— Given entries —
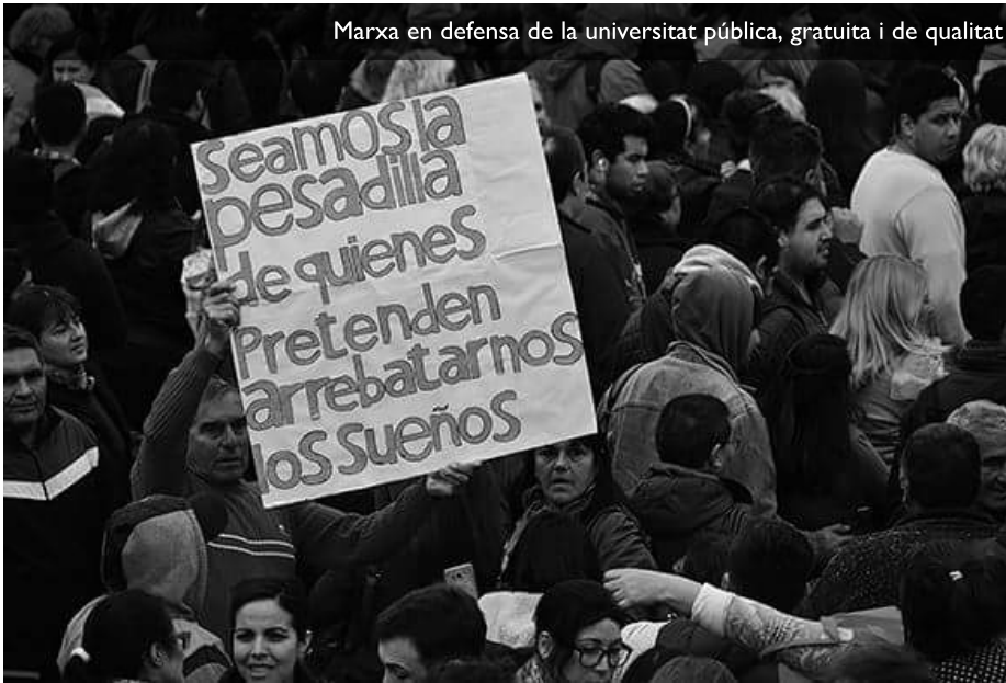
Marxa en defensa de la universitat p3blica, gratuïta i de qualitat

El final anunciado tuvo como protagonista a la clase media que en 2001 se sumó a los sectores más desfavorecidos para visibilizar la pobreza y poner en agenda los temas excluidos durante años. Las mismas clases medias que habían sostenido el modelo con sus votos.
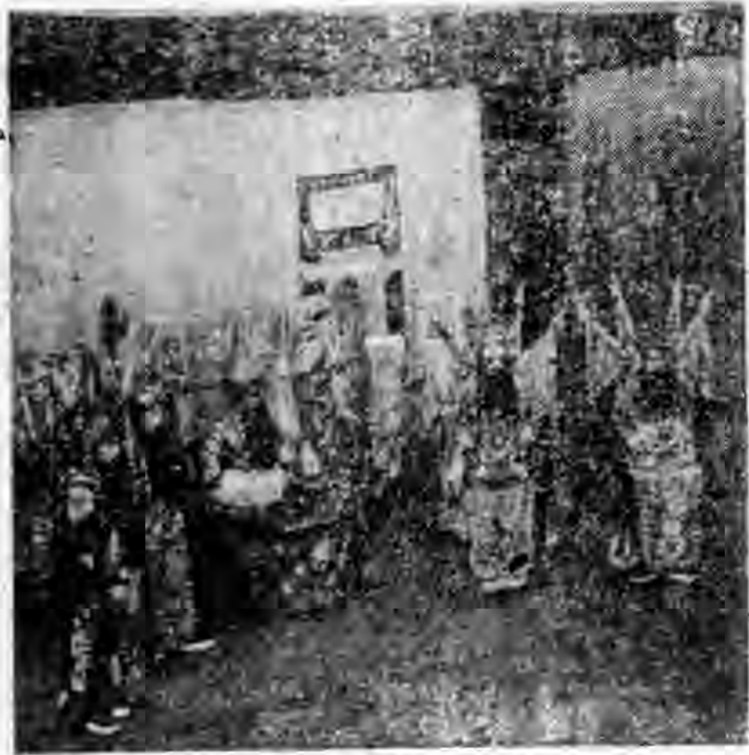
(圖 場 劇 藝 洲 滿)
---
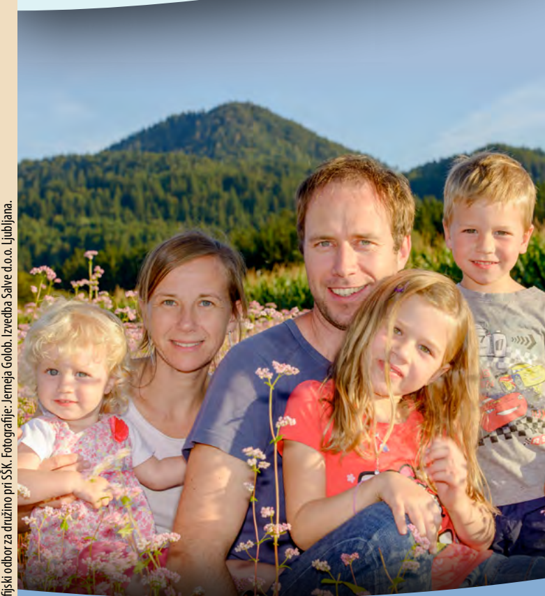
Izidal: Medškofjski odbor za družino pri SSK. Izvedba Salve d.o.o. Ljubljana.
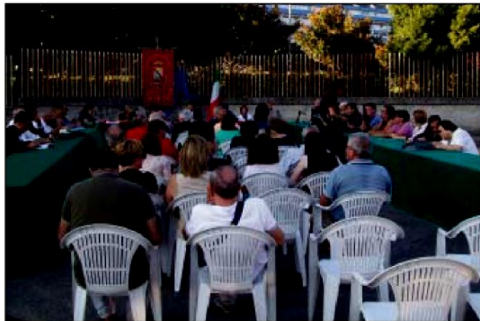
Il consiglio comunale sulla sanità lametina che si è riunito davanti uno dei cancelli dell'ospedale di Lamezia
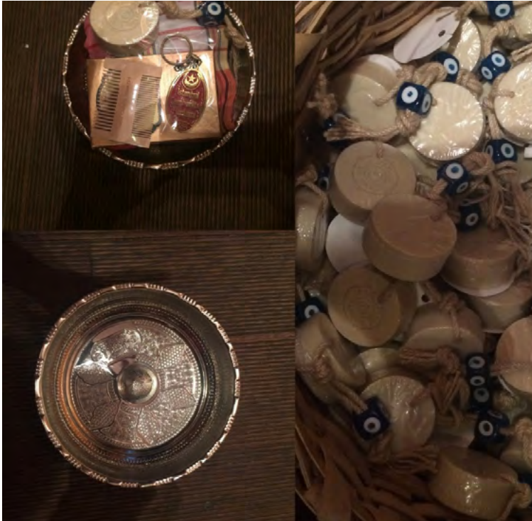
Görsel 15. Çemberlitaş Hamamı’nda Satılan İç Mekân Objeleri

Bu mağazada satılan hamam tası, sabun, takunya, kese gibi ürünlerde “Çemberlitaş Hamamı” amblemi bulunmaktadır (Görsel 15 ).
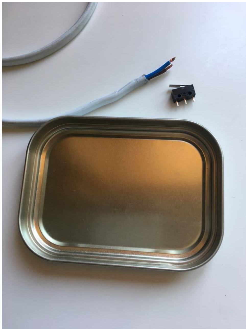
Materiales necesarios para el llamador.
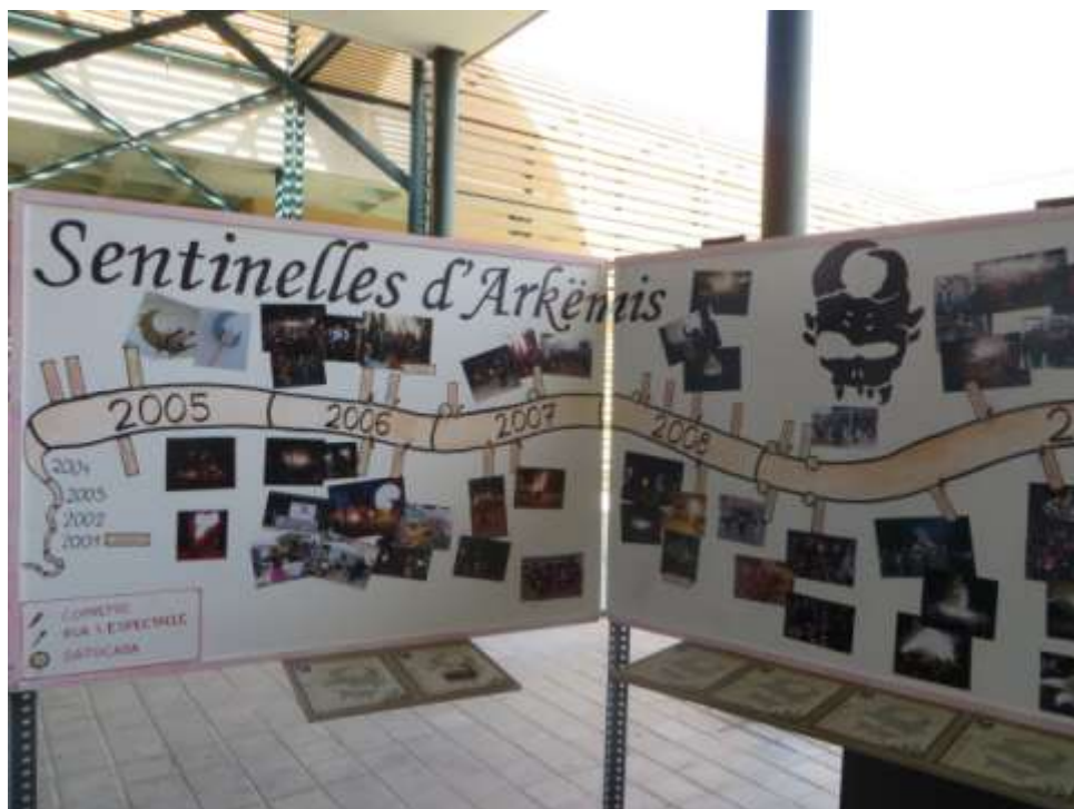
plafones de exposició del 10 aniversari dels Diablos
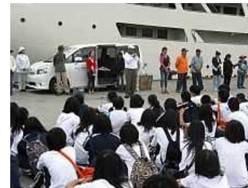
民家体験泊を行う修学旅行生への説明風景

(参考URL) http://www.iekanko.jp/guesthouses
--
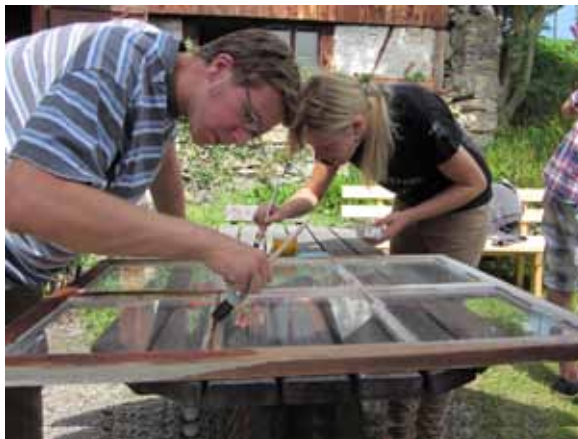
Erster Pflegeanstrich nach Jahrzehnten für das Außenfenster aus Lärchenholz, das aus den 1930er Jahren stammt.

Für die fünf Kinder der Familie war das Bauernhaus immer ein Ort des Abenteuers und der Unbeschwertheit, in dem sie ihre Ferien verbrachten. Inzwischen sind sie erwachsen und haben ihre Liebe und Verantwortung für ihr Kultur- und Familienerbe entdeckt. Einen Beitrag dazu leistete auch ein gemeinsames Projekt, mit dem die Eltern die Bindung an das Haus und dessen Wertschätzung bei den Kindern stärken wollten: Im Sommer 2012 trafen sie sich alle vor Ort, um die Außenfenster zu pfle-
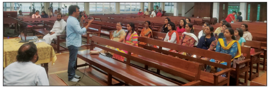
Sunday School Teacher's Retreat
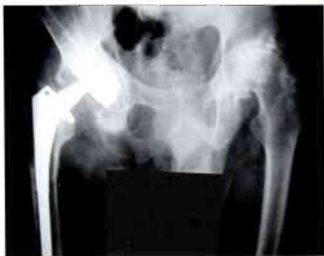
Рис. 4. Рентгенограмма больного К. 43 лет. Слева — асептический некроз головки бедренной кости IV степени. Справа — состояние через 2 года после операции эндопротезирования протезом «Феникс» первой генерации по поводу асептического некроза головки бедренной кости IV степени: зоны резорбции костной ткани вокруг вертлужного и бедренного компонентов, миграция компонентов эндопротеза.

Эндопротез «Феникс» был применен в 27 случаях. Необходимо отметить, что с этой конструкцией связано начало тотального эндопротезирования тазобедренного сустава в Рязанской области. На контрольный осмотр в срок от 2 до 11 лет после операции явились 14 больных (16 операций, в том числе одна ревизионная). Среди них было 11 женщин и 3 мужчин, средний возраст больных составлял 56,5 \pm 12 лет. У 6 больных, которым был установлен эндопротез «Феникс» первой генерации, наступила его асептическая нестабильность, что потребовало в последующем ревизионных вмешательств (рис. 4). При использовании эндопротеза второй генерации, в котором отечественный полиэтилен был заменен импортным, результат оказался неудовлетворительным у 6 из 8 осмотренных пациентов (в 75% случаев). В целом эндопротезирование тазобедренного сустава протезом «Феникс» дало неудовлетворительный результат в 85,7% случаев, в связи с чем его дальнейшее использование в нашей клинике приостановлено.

— Instructions for the task —
For this exercise, reproduce exactly the lines of the records above from the one with "Il consiglio comunale" up to and including the one with "(参考URL) http:/", without pictures.

— The answer —
Il consiglio comunale sulla sanità lametina che si è riunito davanti uno dei cancelli dell'ospedale di Lamezia
Görsel 15. Çemberlitaş Hamamı’nda Satılan İç Mekân Objeleri

Bu mağazada satılan hamam tası, sabun, takunya, kese gibi ürünlerde “Çemberlitaş Hamamı” amblemi bulunmaktadır (Görsel 15 ).
Materiales necesarios para el llamador.
plafones de exposició del 10 aniversari dels Diablos
民家体験泊を行う修学旅行生への説明風景

(参考URL) http://www.iekanko.jp/guesthouses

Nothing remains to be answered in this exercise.